# WiFi works but slow



## borodatii (Oct 22, 2019)

I've installed FreeBsd 12 on my laptop and Wifi, although works, is quite slow. It's way slower than it was at Linux on *the same laptop*. 
Is that how it is in Freebsd?


----------



## manoeldesouza (Oct 22, 2019)

borodatii said:


> I've installed FreeBsd 12 on my laptop and Wifi, although works, is quite slow. It's way slower than it was at Linux on *the same laptop*. Is that how it is in Freebsd?

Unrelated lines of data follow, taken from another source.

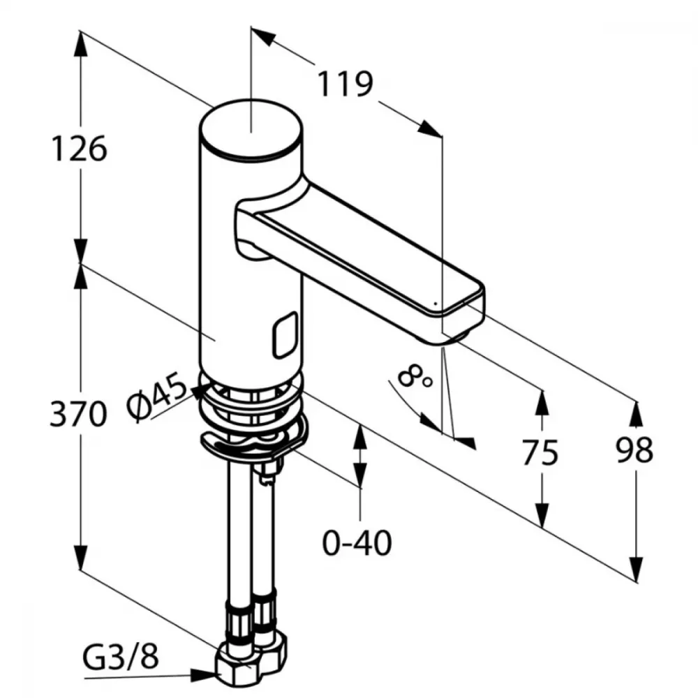 Смеситель для раковины электроннный 9V без донного клапана Kludi Zenta 3810205
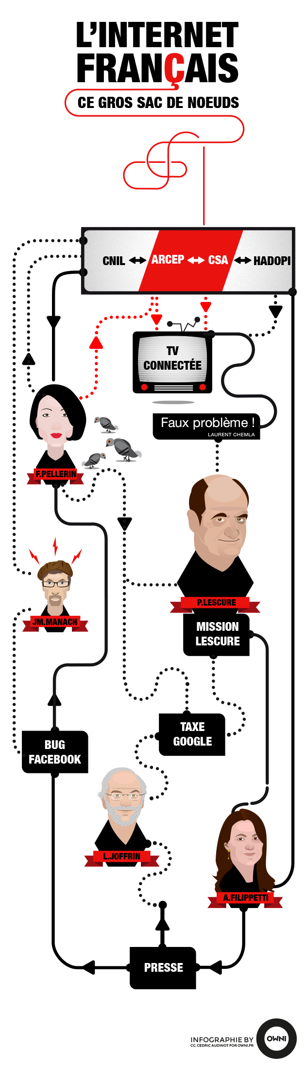 L'Internet français entre Monty Python et Plus Belle la Vie. Bug Facebook, pigeons, Lescure, guerres de chapelles, Cnil, Hadopi, CSA, Arcep, on ne sait plus qui fusionne avec qui. Mais on sait déjà qui paiera les pots cassés. On a fait une infographie pour en rigoler. Ça vaut mieux.
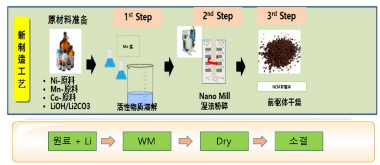 采用无前驱体法的正极制造工艺原理如下图所示,Ni-原料、Mn-原料、Co-原料(金属氧化物或金属氢氧化物),同时加入锂原料和待掺杂原料,溶解+分散+干燥。因为减少了中间前驱体工艺,从原料到正极材料的成品率大于70%,较传统工艺大大改善。

same happens with me and my Dell Inspiron 7357. This and the issue with audio os what prevents me from going full time with BSD. I guess part of the BSD spirit is to get our hands dirty and find (and code the) solutions and contribute do the project. Just seems beyond my current level of knowledge. Would be an interesting challenge if I knew how to start...


----------



## jardows (Oct 22, 2019)

Please describe in more detail what you mean by "slow."  Is it felt performance or measured performance?  If it is measured performance, what is the difference?  Wireless network is very complex, so we need details to even begin to help.


----------



## SirDice (Oct 22, 2019)

What version of FreeBSD? What brand/model wireless card? Which driver is used? How is it configured?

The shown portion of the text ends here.